§ **DIRECTIONS**
Would you give again, exactly as written, the lines from the opening of the records to the line with "وأكدت سلطة الطيران", that line included and pictures excluded?

§ **Dataset entries**
▼▼▼

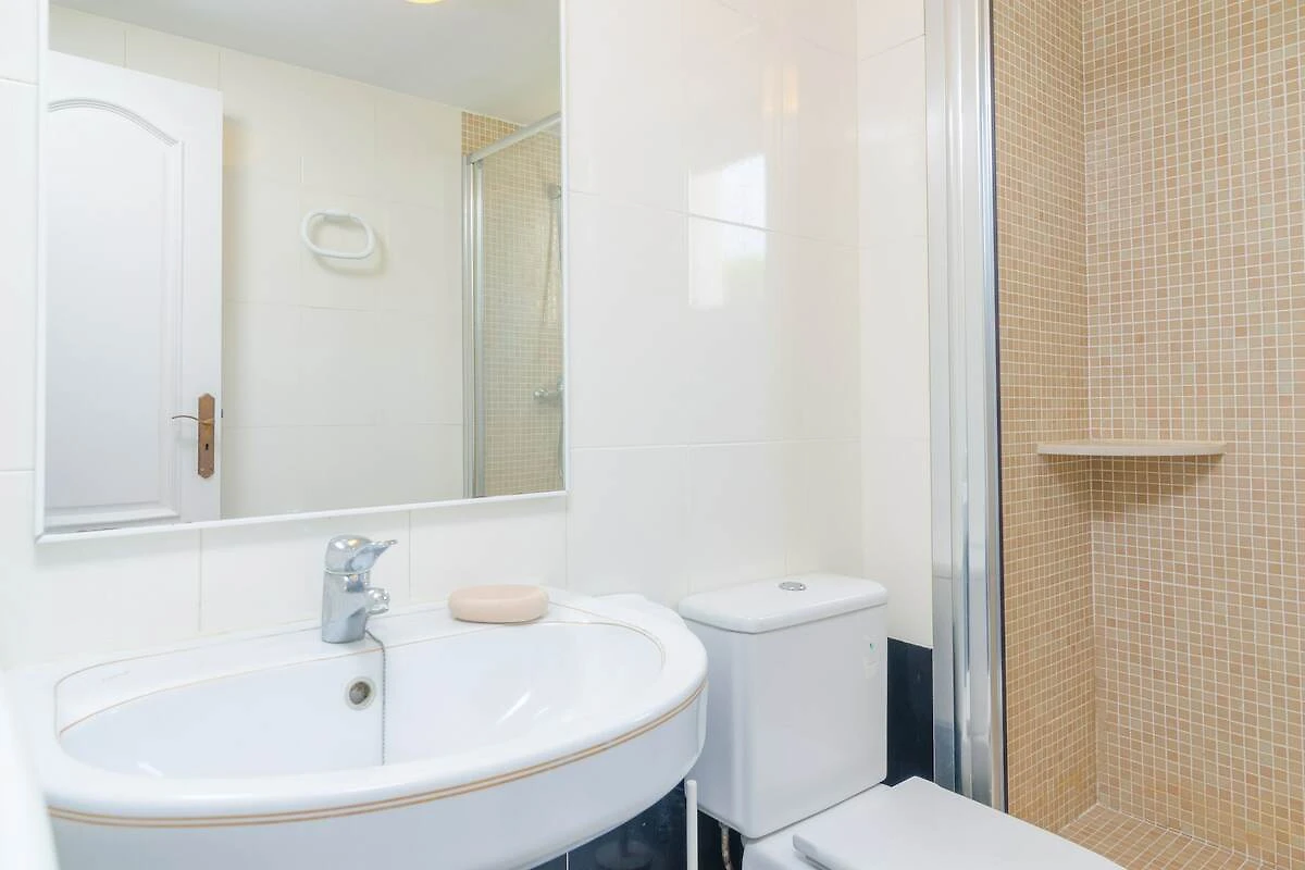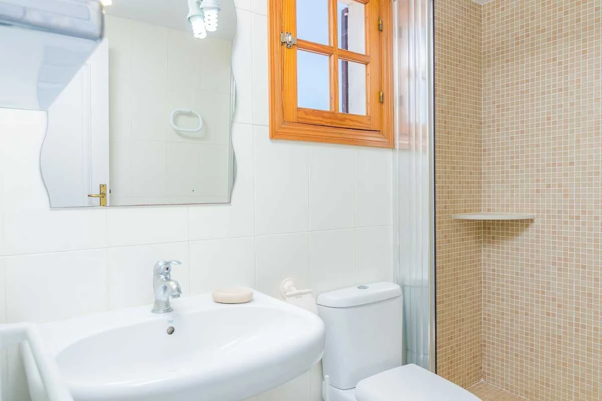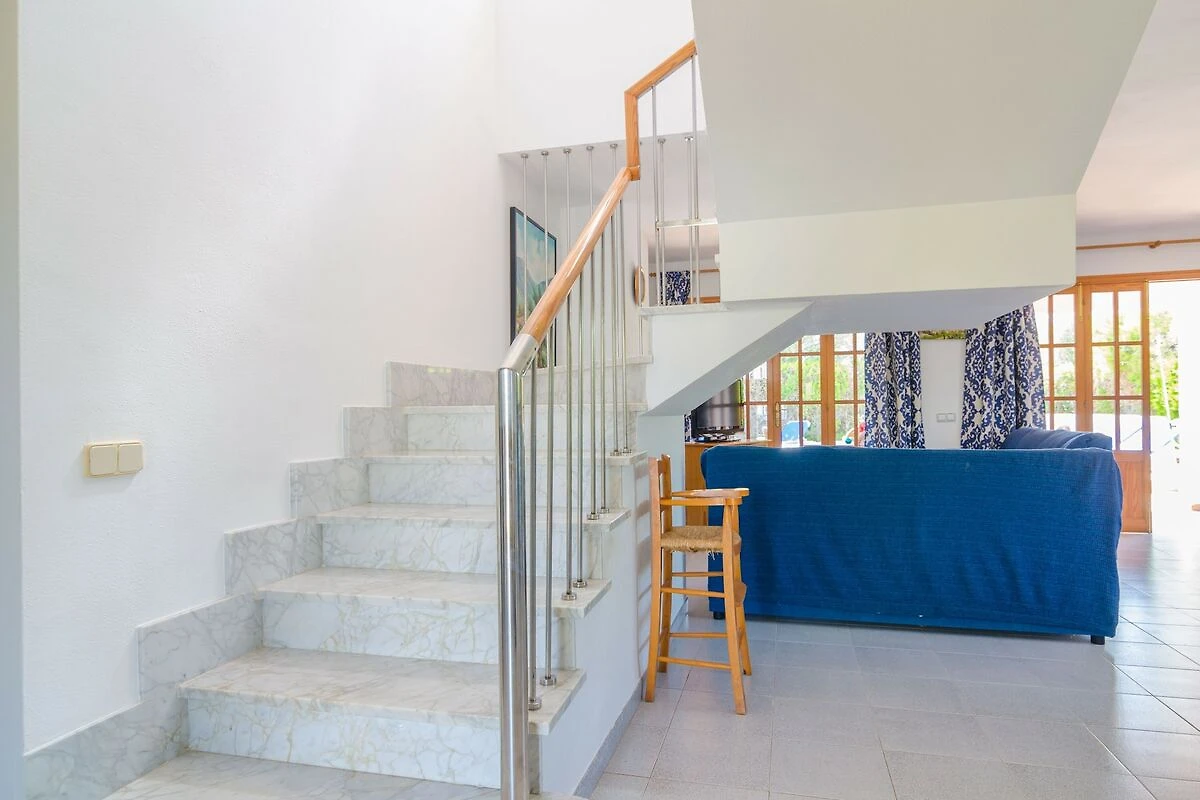 Im Inneren des Ferienhauses herrscht ein mediterranes Flair vor, wobei sich die Räumlichkeiten auf 250m2 und zwei Wohnebenen verteilen. Das klimatisierte Wohn-Esszimmer mit Satellitenfernsehen befindet sich, gleich wie die komplett ausgestattete Küche mit Ceranfeld, im Erdgeschoss. Zwei der vier Schlafzimmer sowie ein Duschbad liegen ebenfalls unten. Beide haben je zwei Einzelbetten, einen Schrank und Klimaanlage. Die anderen beiden klimatisierten Schlafräume befinden sich im ersten Stock. Das erste wartet mit einem Doppelbett, Schrank und privatem Duschbad auf, während das zweite über zwei Einzelbetten, Schrank und Zugang zur oberen Terrasse verfügt. Ein weiteres Duschbad steht dem ersten Stock zur Verfügung. Ein Babybettchen und ein Hochstuhl werden gerne auf Anfrage vorbereitet. Selbstverständlich bietet das Haus eine Waschmaschine, ein Bügeleisen und ein Bügelbrett.
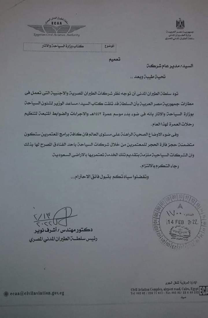 وأكدت سلطة الطيران المدني في خطابها لشركات السياحة واليذ حصلت “فيتو” علي نسخة منه، أن كافة برامج العمرة ستكون متضمنة فترة حجر صحي في المملكة العربية السعودية تقوم بها شركات السياحة بأحد الفنادق المصرح لها بذلك وان شركات السياحة ملزمة بتقديم تلك الخدمة لمعتمريها بالأراضي السعودية، وذلك في إطار الاستعدادات الجارية لبدء موسم العمرة.
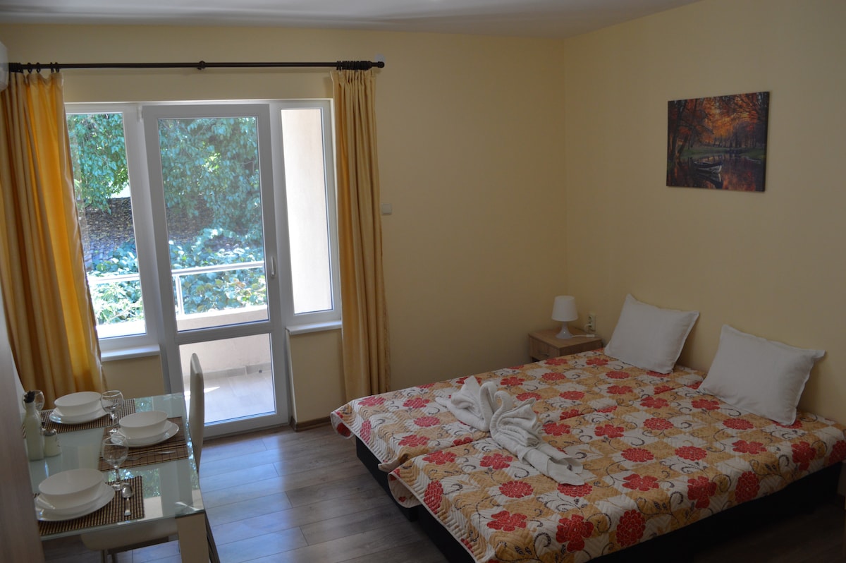 Velkommen til mit helt nye og hyggelige sted, designet med masser af kærlighed,omsorg og tanke, så du kan få et virkelig afslappende ophold i Plovdiv. Bygningen ligger lige foran International Fair Exibition, blot en kort gåtur til centrum på den anden side af den smukke Maritza-flod. Kvarteret er virkelig livligt, kommunikativt og sikkert. Jeg vil med glæde møde dig og imødekomme dig personligt, så du straks vil føle dig som en gammel ven, der kom på besøg:)
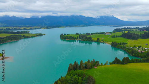 Aerial view over Lake Forggensee at the city of Fuessen in Bavaria Germany
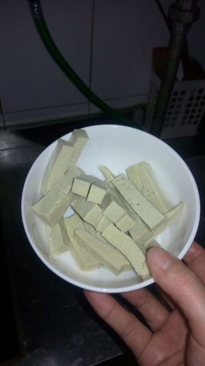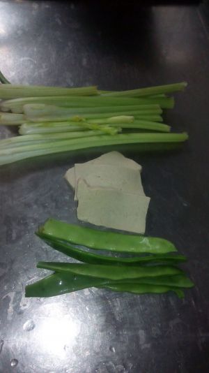 热锅凉油,少许花椒翻炒,加入芹菜和豆角加盐味极鲜,最后放入豆腐,继续翻炒直至成熟。
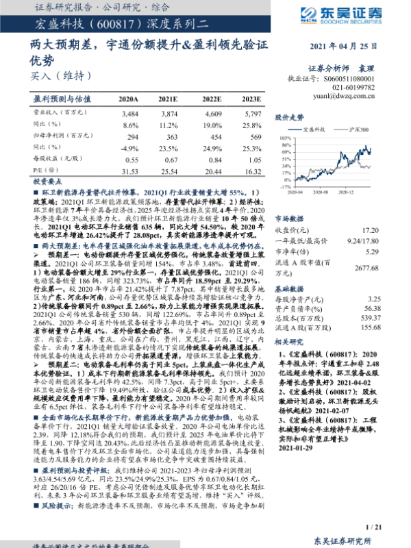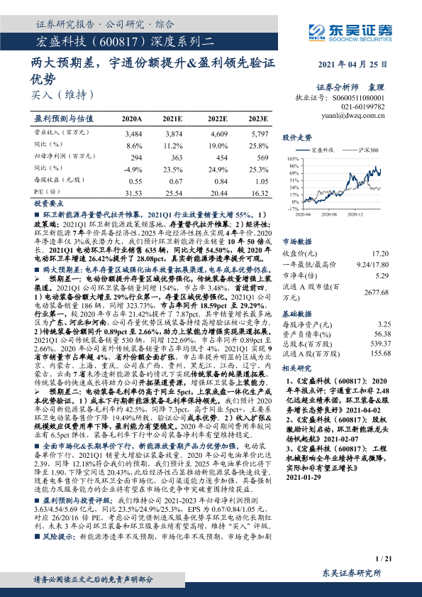 【东吴证券】【20210425】20210425-东吴证券-宏盛科技-600817.SH-深度系列二:两大预期差,宇通份额提升&盈利领先验证优势-21页
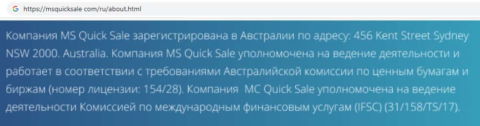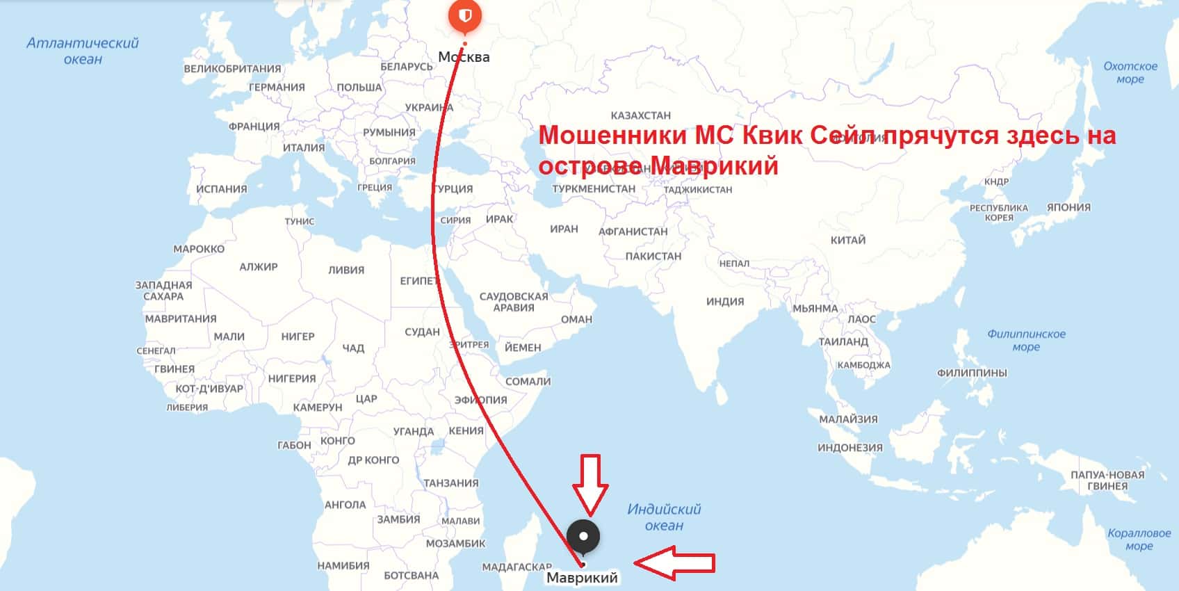 Местом регистрации скам-брокера МС Квик Сейл является оффшорное государство Маврикий, где зарегистрировано огромное количество аналогичных онлайн-лохотронов.
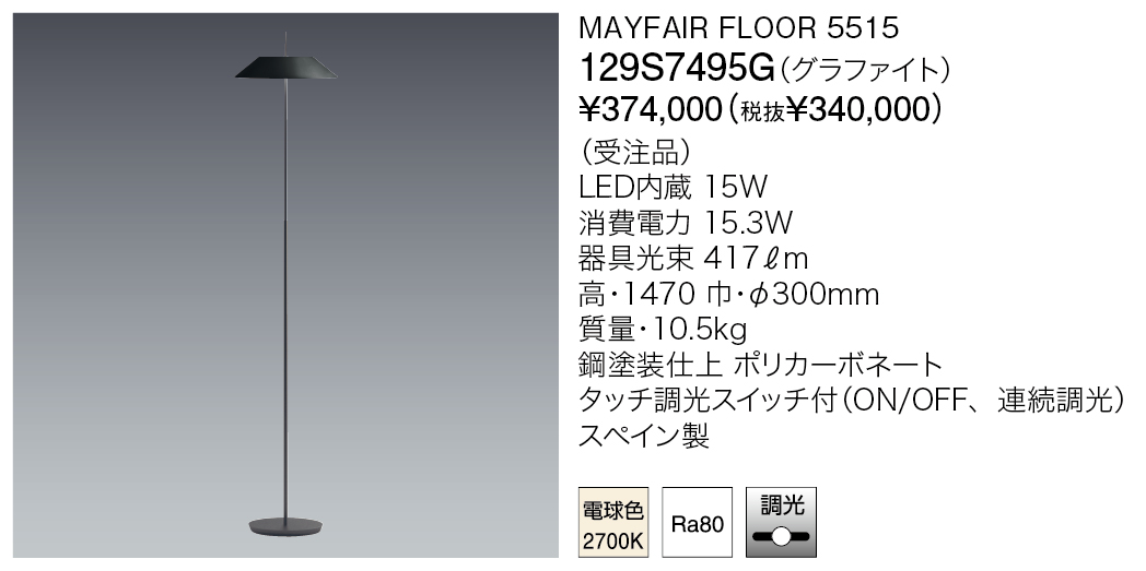 古典的な形状のランプを現代的な素材や質感・LED光源を用いて革新的にアプローチしたのがメイフェアです。セード内側の凹凸感による陰影や、綿密に設計された光源からの配光、タッチセンサー式調光スイッチによる滑らかな操作感などはクセの無い形状の中に技術や想いが詰まったVIBIAのデザインへのこだわりを強く感じ、空間をワンランク上質に仕上げます。
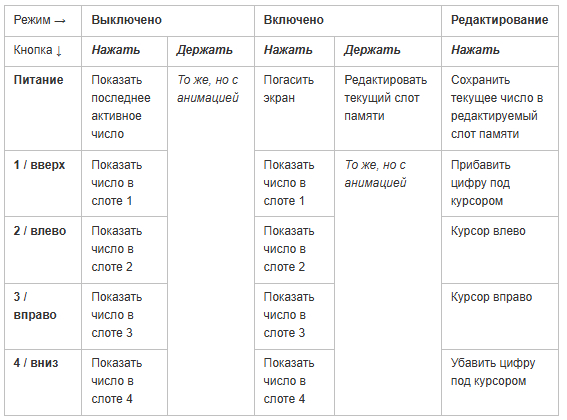 Восьмибитный выход с регистра разбивается по полубайтам на два дешифратора MC14028. У каждого дешифратора есть четырёхбитный вход и 10 выходов. Если двоичное значение на входе попадает в десятичный диапазон от 0 до 9, то на соответствующем выходе из Q0-Q9 появится высокий логический уровень, в противном же случае — все выходы останутся на низком уровне. Можно представить эту логику в виде таблицы истинности:
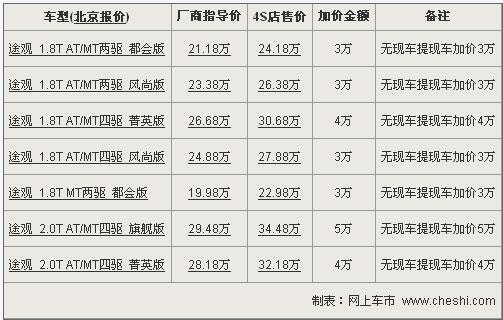 途觀最高加價5萬 提車時間無法確定
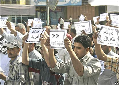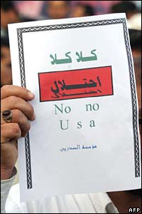 Bağdat'ın başka bir semtinde 'ABD'ye Hayır, Irak'a Evet' dövizleri taşındı.
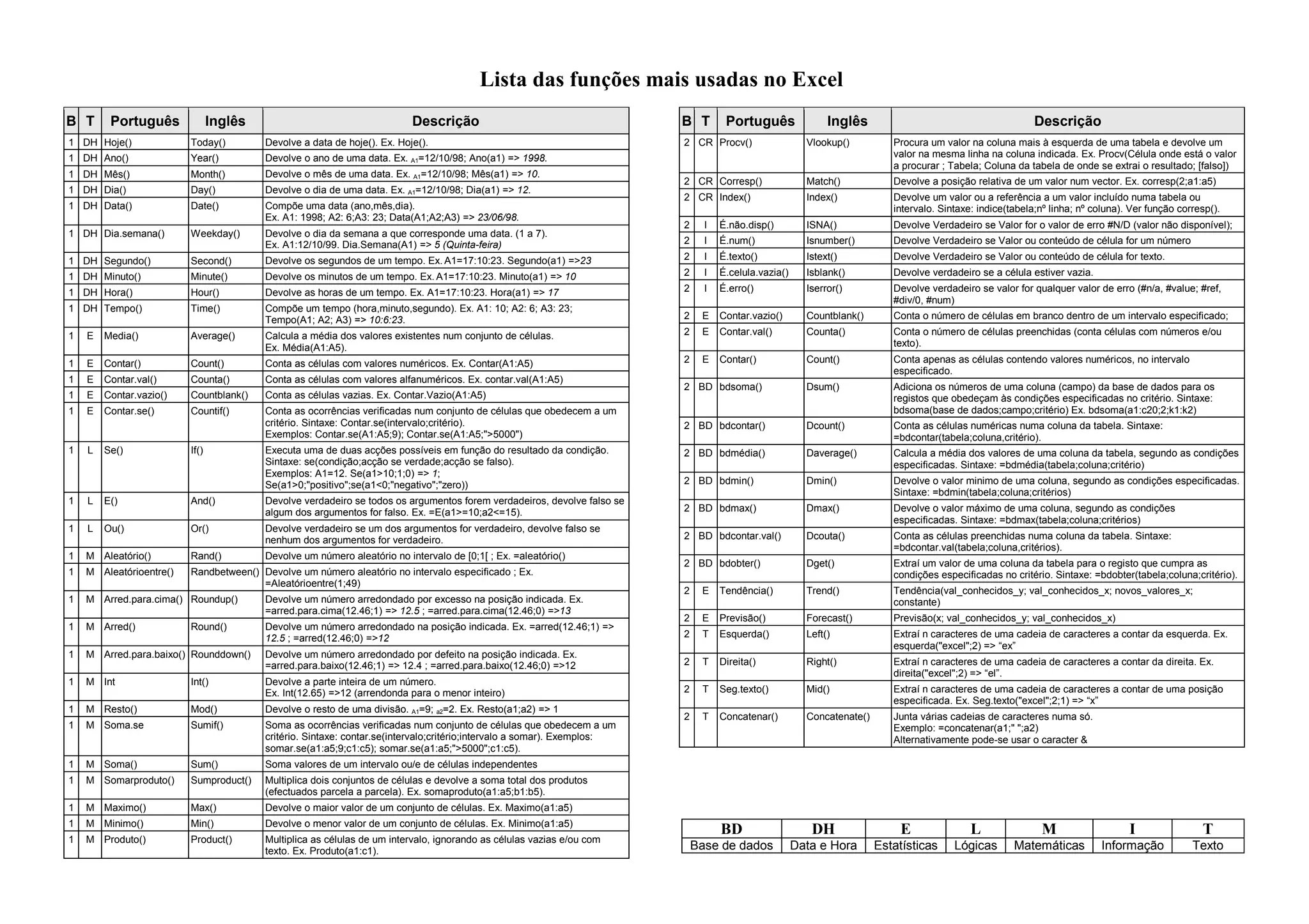 O documento lista as funções mais usadas no Excel, agrupadas por categoria. Inclui funções para trabalhar com datas e horas, estatísticas, lógica, matemática, verificação de informação e texto. As funções permitem realizar cálculos, análises e verificações em planilhas.

▲▲▲

§ **TASK SOLUTION**
 Im Inneren des Ferienhauses herrscht ein mediterranes Flair vor, wobei sich die Räumlichkeiten auf 250m2 und zwei Wohnebenen verteilen. Das klimatisierte Wohn-Esszimmer mit Satellitenfernsehen befindet sich, gleich wie die komplett ausgestattete Küche mit Ceranfeld, im Erdgeschoss. Zwei der vier Schlafzimmer sowie ein Duschbad liegen ebenfalls unten. Beide haben je zwei Einzelbetten, einen Schrank und Klimaanlage. Die anderen beiden klimatisierten Schlafräume befinden sich im ersten Stock. Das erste wartet mit einem Doppelbett, Schrank und privatem Duschbad auf, während das zweite über zwei Einzelbetten, Schrank und Zugang zur oberen Terrasse verfügt. Ein weiteres Duschbad steht dem ersten Stock zur Verfügung. Ein Babybettchen und ein Hochstuhl werden gerne auf Anfrage vorbereitet. Selbstverständlich bietet das Haus eine Waschmaschine, ein Bügeleisen und ein Bügelbrett.
 وأكدت سلطة الطيران المدني في خطابها لشركات السياحة واليذ حصلت “فيتو” علي نسخة منه، أن كافة برامج العمرة ستكون متضمنة فترة حجر صحي في المملكة العربية السعودية تقوم بها شركات السياحة بأحد الفنادق المصرح لها بذلك وان شركات السياحة ملزمة بتقديم تلك الخدمة لمعتمريها بالأراضي السعودية، وذلك في إطار الاستعدادات الجارية لبدء موسم العمرة.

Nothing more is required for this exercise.